The remaining chapters of the book are concerned with various examples of allocation design procedures. Chapter 6 gives an overview of a number of design procedures and illustrates their application to the two- and three-moment problem. It is also a comparative survey of the design methods, since all have been evaluated in piloted flight simulation exercises. Chapter 7 discusses the more familiar constraints on control of the computational frame rate, typically 0.01 s in modern FCS. In particular, adverse handling qualities can arise when the frame delay is too long and when the effector actuators are driven to rate limiting.

Chapter 8 provides an overview of FCS design in the context of control allocation and it does this with a simplified example of the application to a dynamic inversion control algorithm. Unfortunately, there appear to be some minor errors in this chapter. The second time history in Fig.8.8 should be labelled ‘pitch rate’ not ‘roll rate’. Also, the general form of the transfer function given in equation 8.8 describes sideslip response properties and the appropriate lateral-directional notation should be used in its description. As written, it is misleading; for example, T θ2 is an important longitudinal response characteristic describing incidence lag, whereas ω2 is presumably determined by the roll mode time constant, but this is not clear from the limited information given. The use of an unambiguous notation together with an improved explanation of how the control gains influence the familiar aircraft response dynamics would help here.
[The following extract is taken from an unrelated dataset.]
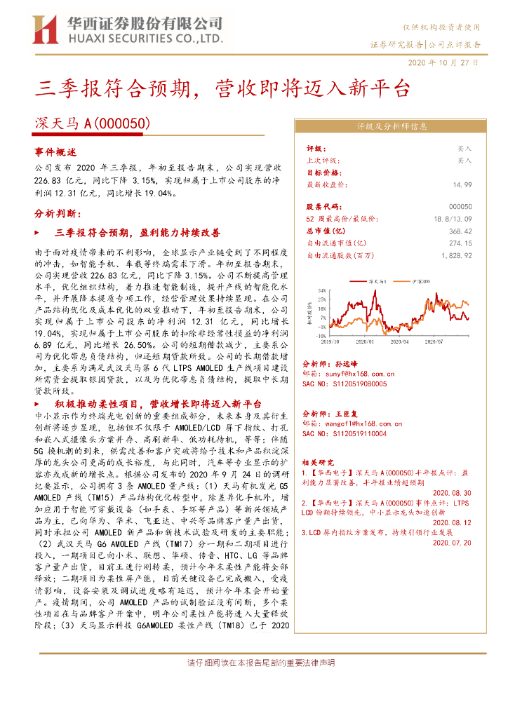华西证券:深天马A(000050)-三季报符合预期,营收即将迈入新平台.pdf

It is also acknowledged that oversimplification of the model results in linear response properties which are relatively easy to optimise by feedback control. Real aircraft, especially those to which this technology is directed, do not have uniformly linear properties, and ‘controller tuning’ is required to achieve a workable control solution. It would also help if an explanation of the ‘tuning’ process was included in the discussion. For example, what is ‘tuning’ attempting to achieve and how are the controller gains adjusted to meet the objectives? The chapter concludes with a design example to illustrate the addition of a control allocation controller to the simplified system model set out earlier in the chapter.
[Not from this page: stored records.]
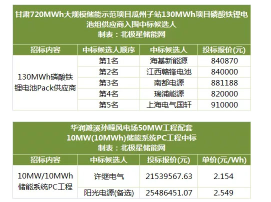 甘肅720MWh大規(guī)模儲(chǔ)能示范項(xiàng)目瓜州子站130MWh項(xiàng)目磷酸鐵鋰電池組中標(biāo)候選人如下: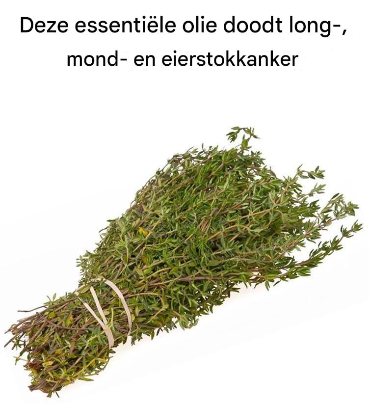 Uit onderzoek is gebleken dat tijmolie ruim 97% van de longkankercellen bij mensen doodt.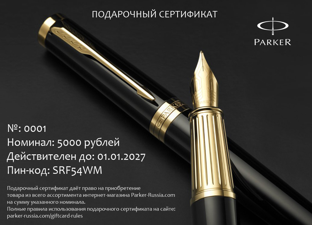 Подарочный сертификат Parker 7000 от официального дилера Parker в Набережных Челнах. Вы можете дополнительно заказать гравировку, которая подчеркнет Вашу оригинальность и придаст памятность статусному подарку. Все ручки Паркер поставляются в фирменном футляре.
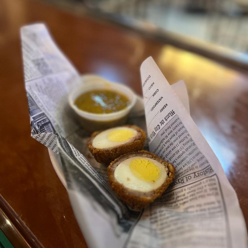 Hard-boiled eggs, hand wrapped in ground sausage, breaded and deep-fried. Served with Guinness mustard $10 | Half Order $6

Finally, Chapter 9 is entirely concerned with lessons learned from the application of control allocation to the NASA X-35B research aircraft. Most usefully, this discusses the problems, advantages and disadvantages discovered in developing the FCS in a real hardware environment as well as in simulation. The essential topics include failure due to effector actuator saturation, structural coupling, aircraft recovery after a system failure and the constraints of real-time computation. The challenges embrace multiple redundant system architecture design, control axis prioritisation, authority limiting, effector bandwidth, aircraft stability and handling qualities. This is supported by MATLAB/Simulink model software which may be downloaded from the publisher's website.
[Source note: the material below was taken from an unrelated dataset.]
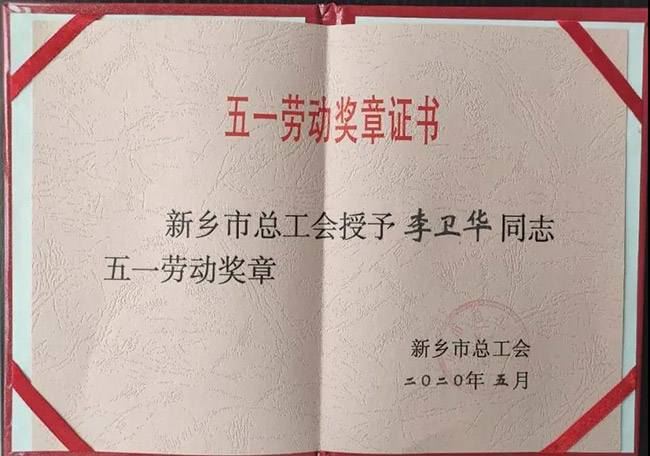 5月,生產(chǎn)車間主任李衛(wèi)華被授予“新鄉(xiāng)市五一勞動(dòng)獎(jiǎng)?wù)?rdquo;

This book would appear to fill a gap in the market and it has the advantage that its authors bring firsthand experience to an interesting but complex subject. It is helpful that MATLAB/Simulink software for most of the examples in the book may be downloaded from the publisher's website.

The earlier chapters are well presented and give a good overview of what control allocation means and how it is designed. However, it is evident that the quality of the discussion in later chapters of the book is rather patchy. Some of the explanatory material is lacking in descriptive precision and mathematical rigour, and would benefit from more considered presentation. In particular, it would help if the controller design decisions are supported with some explanation as to how these are expected to influence flying qualities.

However, these are minor criticisms and the book should appeal to postgraduate researchers and to engineers engaged in advanced flight control system design and evaluation.